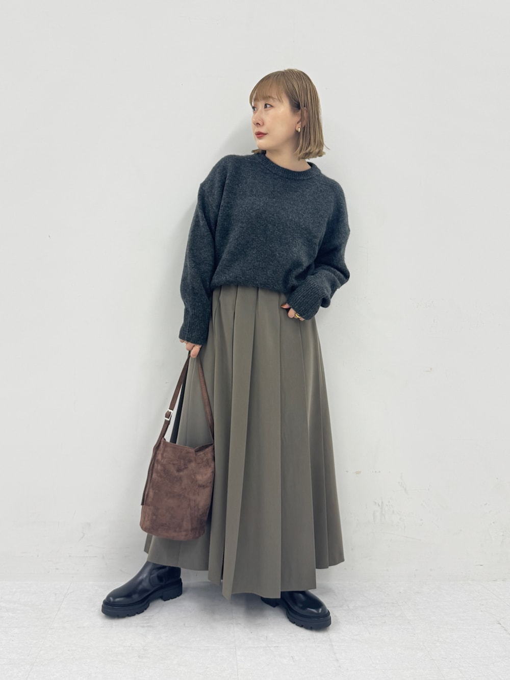 ニットはセットアイテムですが、程よいサイズ感でどんなボトムとも合わせやすいです◎
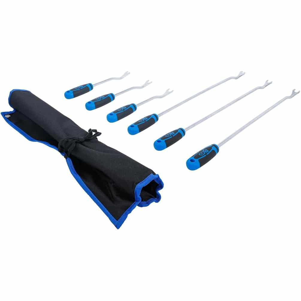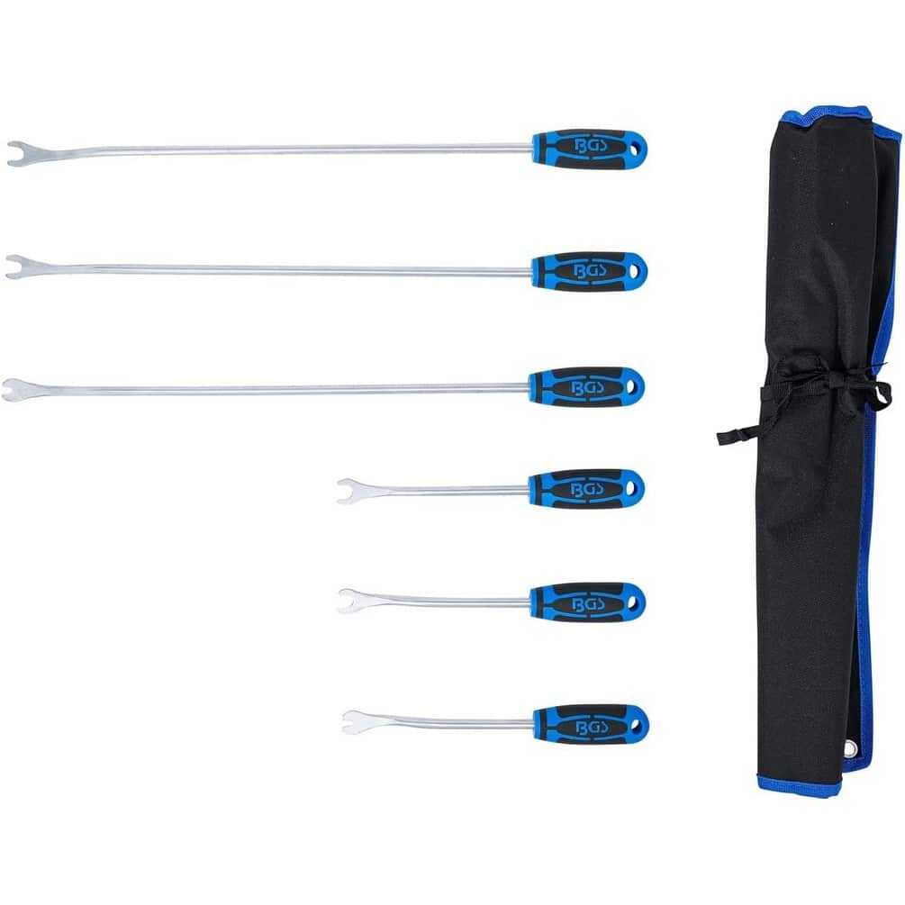 L'Outil de Dépose Agrafes d'Habillage BGS est un accessoire indispensable pour retirer facilement et proprement les agrafes utilisées dans l'habillage intérieur automobile ou autres travaux de finition. Conçu en acier robuste, il garantit une longue durée de vie et une efficacité optimale lors de la dépose d'agrafes sans endommager les surfaces.Caractéristiques principales
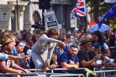 U jednom postu na Fejsbuku, Parker je podelio fotografiju sa antivakserskih protesta u Londonu uz komentar "sjajno" i emodžije tapšanja.
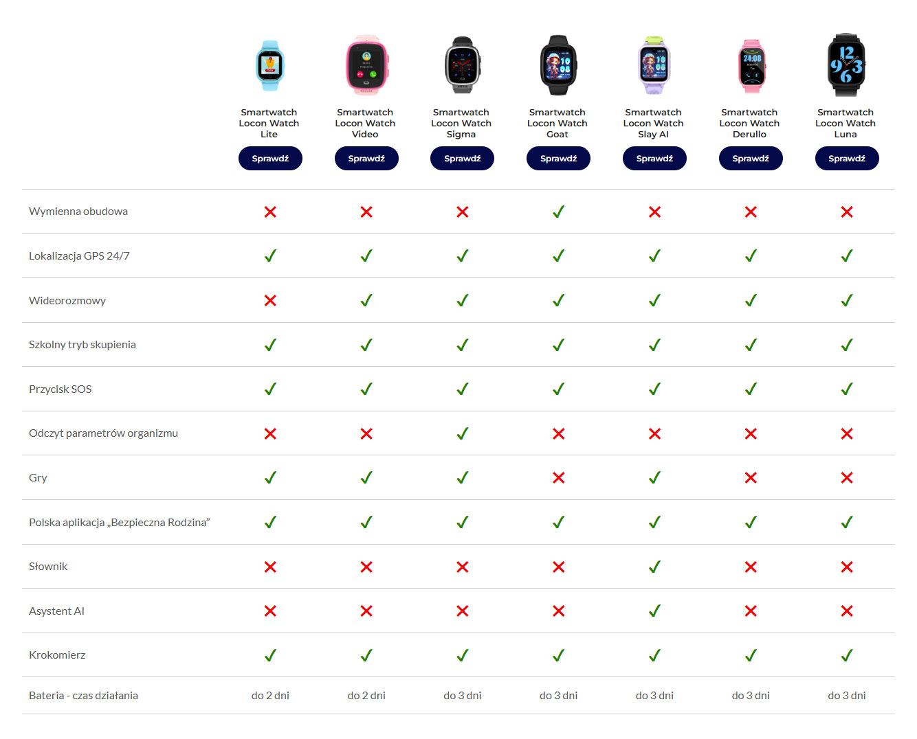 Locon Watch Goat to propozycja w bardziej „dziecięcym” wydaniu, z wymienną obudową i paskiem, co pozwala dopasować wygląd zegarka do preferencji użytkownika. Urządzenie wyposażono w ekran TFT o przekątnej 1,7 cala i rozdzielczości 240 × 280 pikseli. Na pokładzie znalazło się 64 MB RAM i 128 MB pamięci wewnętrznej, a bateria o pojemności 770 mAh ma zapewnić do 3 dni pracy w trybie czuwania. Zegarek oferuje przycisk SOS, tryb szkolny ograniczający rozpraszanie, budzik oraz krokomierz. Producent deklaruje również podwyższoną odporność na wodę na poziomie IP68. Całość waży 52 gramy, a wymiary urządzenia to 51,2 × 42,8 × 15,5 mm.

▶ _Assignment_: Without the images, print all of the lines above exactly.

▶ _Response_:
 ニットはセットアイテムですが、程よいサイズ感でどんなボトムとも合わせやすいです◎
 L'Outil de Dépose Agrafes d'Habillage BGS est un accessoire indispensable pour retirer facilement et proprement les agrafes utilisées dans l'habillage intérieur automobile ou autres travaux de finition. Conçu en acier robuste, il garantit une longue durée de vie et une efficacité optimale lors de la dépose d'agrafes sans endommager les surfaces.Caractéristiques principales
 U jednom postu na Fejsbuku, Parker je podelio fotografiju sa antivakserskih protesta u Londonu uz komentar "sjajno" i emodžije tapšanja.
 Locon Watch Goat to propozycja w bardziej „dziecięcym” wydaniu, z wymienną obudową i paskiem, co pozwala dopasować wygląd zegarka do preferencji użytkownika. Urządzenie wyposażono w ekran TFT o przekątnej 1,7 cala i rozdzielczości 240 × 280 pikseli. Na pokładzie znalazło się 64 MB RAM i 128 MB pamięci wewnętrznej, a bateria o pojemności 770 mAh ma zapewnić do 3 dni pracy w trybie czuwania. Zegarek oferuje przycisk SOS, tryb szkolny ograniczający rozpraszanie, budzik oraz krokomierz. Producent deklaruje również podwyższoną odporność na wodę na poziomie IP68. Całość waży 52 gramy, a wymiary urządzenia to 51,2 × 42,8 × 15,5 mm.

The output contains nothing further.